TASK REQUIREMENTS:
Transcribe all of the entries below exactly. Leave out the pictures.
####################
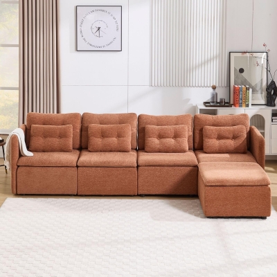 Chenille 56.5" Modular Sectional Sofa with Waist Pillow - 90041SF
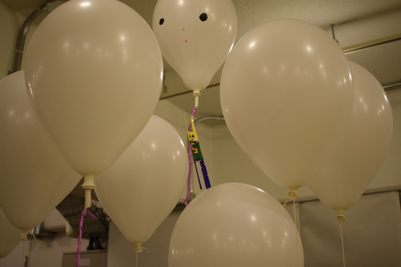 お部屋に入るとたくさんの白い風船がプカプカと並んで浮いています。
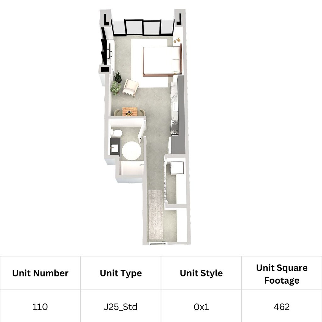 J25 Studio - Floorplan 1 Apartment Unit: 110Apartment Model: J25 Studio$1,816Studio, 1 Bath, 462 sq ftAvailable December 1, 2025J2 Studio
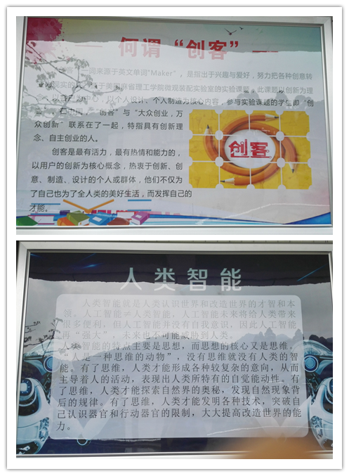 此次校园文化建设有两大亮点。一是每个班级的室内文化建设。它们根据每个班级不同的特点由班主任老师设计,班级墙壁都贴上了不同的名人名言,班级门口也展示了各具特色的班牌,体现出了每个班级不同的风格。二是学校的文化走廊。学校每个楼层的走廊都贴上了不同的励志名言还有高科技知识介绍等内容,极大地浓郁了学校的文化气息,展示了学校的个性魅力和办学特色。
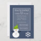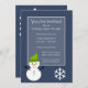 Holiday Invitation with a cute cartoon snowman and a navy blue background
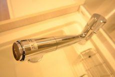 水洗はハンドシャワータイプ。広い洗面ボウルを流したりに重宝します。
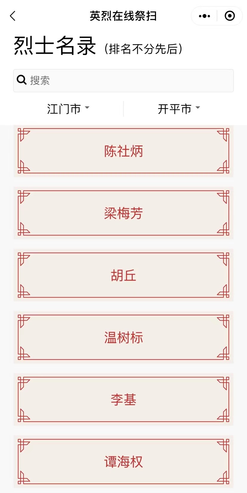 3.點(diǎn)擊進(jìn)入英烈在線祭掃服務(wù)后,選擇所屬地域或全部地域,可見烈士名錄,也可以搜索烈士英名查詢。
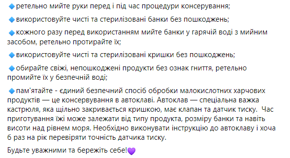 • помните - единственный безопасный способ обработки малокислотных пищевых продуктов - это консервирование в автоклаве.
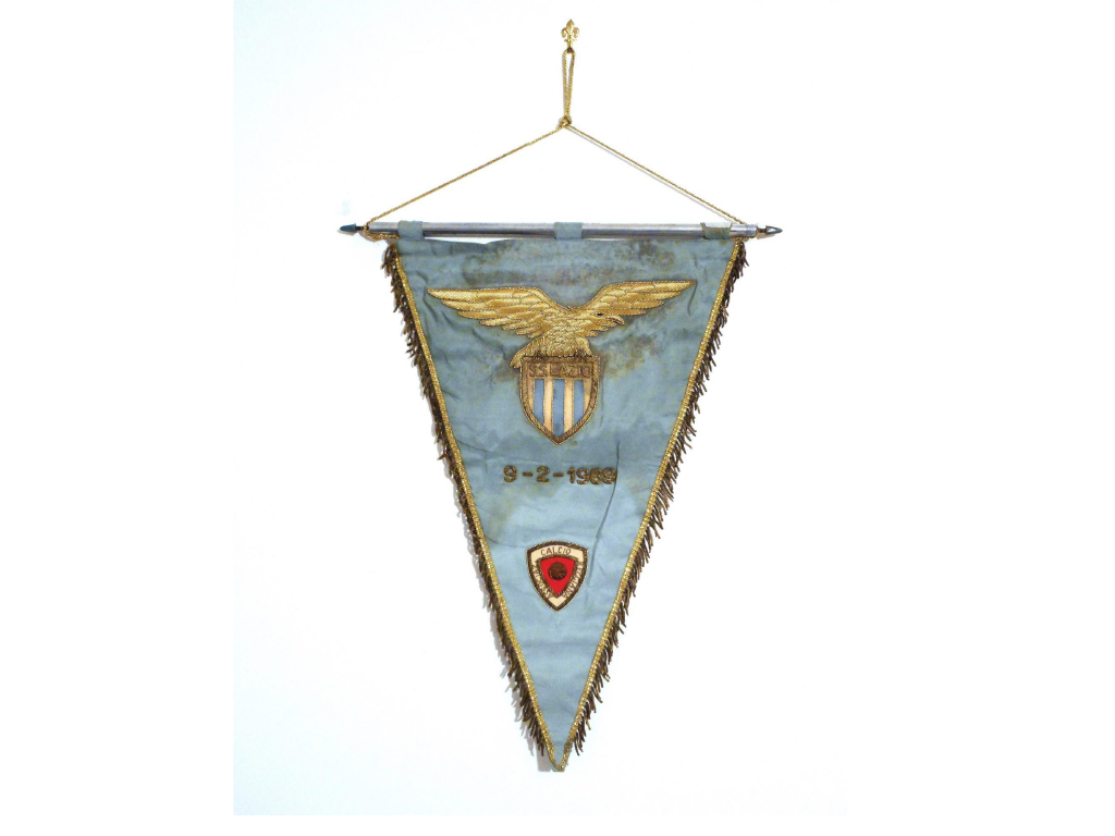 Il gagliardetto della partita, con la sua splendida aquila ad ali spiegate, è quello che la Lazio, presumibilmente per prima nei campionati nazionali, realizza anche con il simbolo della squadra avversaria. Anche altre società, negli anni successivi, presero spunto da questa novità. Soprattutto, nei tempi recenti, dove spesso si è fatto ricorso al gagliardetto con il doppio stemma. La Lazio in quel periodo faceva anche di più perché, antesignana anche in questo, usava donare agli arbitri degli incontri il proprio gagliardetto con il ricamo del nominativo del Direttore di gara. La Roma, negli anni novanta, utilizzò la stessa forma di cortesia verso gli arbitri. Anzi, la estese, anche agli assistenti a cui venivano donati gagliardetti personalizzati con il loro nominativo. Evidentemente, nel caso della Lazio, altri tempi e ben altra attenzione e cura dei dettagli nella realizzazione dei gagliardetti.
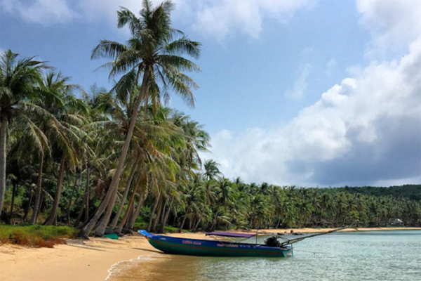 Sau 30 phút đi tàu từ cảng An Thới, bạn sẽ đến đảo Hòn Thơm để tận mắt ngắm nhìn khung cảnh của một làng chài ven biển. Hình ảnh người dân ngồi thong thả đan lưới cạnh những ngôi nhà tạm bợ bên bờ biển sẽ cho bạn cảm giác thật yên ả.
####################
TASK RESPONSE:
 Chenille 56.5" Modular Sectional Sofa with Waist Pillow - 90041SF
 お部屋に入るとたくさんの白い風船がプカプカと並んで浮いています。
 J25 Studio - Floorplan 1 Apartment Unit: 110Apartment Model: J25 Studio$1,816Studio, 1 Bath, 462 sq ftAvailable December 1, 2025J2 Studio
 此次校园文化建设有两大亮点。一是每个班级的室内文化建设。它们根据每个班级不同的特点由班主任老师设计,班级墙壁都贴上了不同的名人名言,班级门口也展示了各具特色的班牌,体现出了每个班级不同的风格。二是学校的文化走廊。学校每个楼层的走廊都贴上了不同的励志名言还有高科技知识介绍等内容,极大地浓郁了学校的文化气息,展示了学校的个性魅力和办学特色。
 Holiday Invitation with a cute cartoon snowman and a navy blue background
 水洗はハンドシャワータイプ。広い洗面ボウルを流したりに重宝します。
 3.點(diǎn)擊進(jìn)入英烈在線祭掃服務(wù)后,選擇所屬地域或全部地域,可見烈士名錄,也可以搜索烈士英名查詢。
 • помните - единственный безопасный способ обработки малокислотных пищевых продуктов - это консервирование в автоклаве.
 Il gagliardetto della partita, con la sua splendida aquila ad ali spiegate, è quello che la Lazio, presumibilmente per prima nei campionati nazionali, realizza anche con il simbolo della squadra avversaria. Anche altre società, negli anni successivi, presero spunto da questa novità. Soprattutto, nei tempi recenti, dove spesso si è fatto ricorso al gagliardetto con il doppio stemma. La Lazio in quel periodo faceva anche di più perché, antesignana anche in questo, usava donare agli arbitri degli incontri il proprio gagliardetto con il ricamo del nominativo del Direttore di gara. La Roma, negli anni novanta, utilizzò la stessa forma di cortesia verso gli arbitri. Anzi, la estese, anche agli assistenti a cui venivano donati gagliardetti personalizzati con il loro nominativo. Evidentemente, nel caso della Lazio, altri tempi e ben altra attenzione e cura dei dettagli nella realizzazione dei gagliardetti.
 Sau 30 phút đi tàu từ cảng An Thới, bạn sẽ đến đảo Hòn Thơm để tận mắt ngắm nhìn khung cảnh của một làng chài ven biển. Hình ảnh người dân ngồi thong thả đan lưới cạnh những ngôi nhà tạm bợ bên bờ biển sẽ cho bạn cảm giác thật yên ả.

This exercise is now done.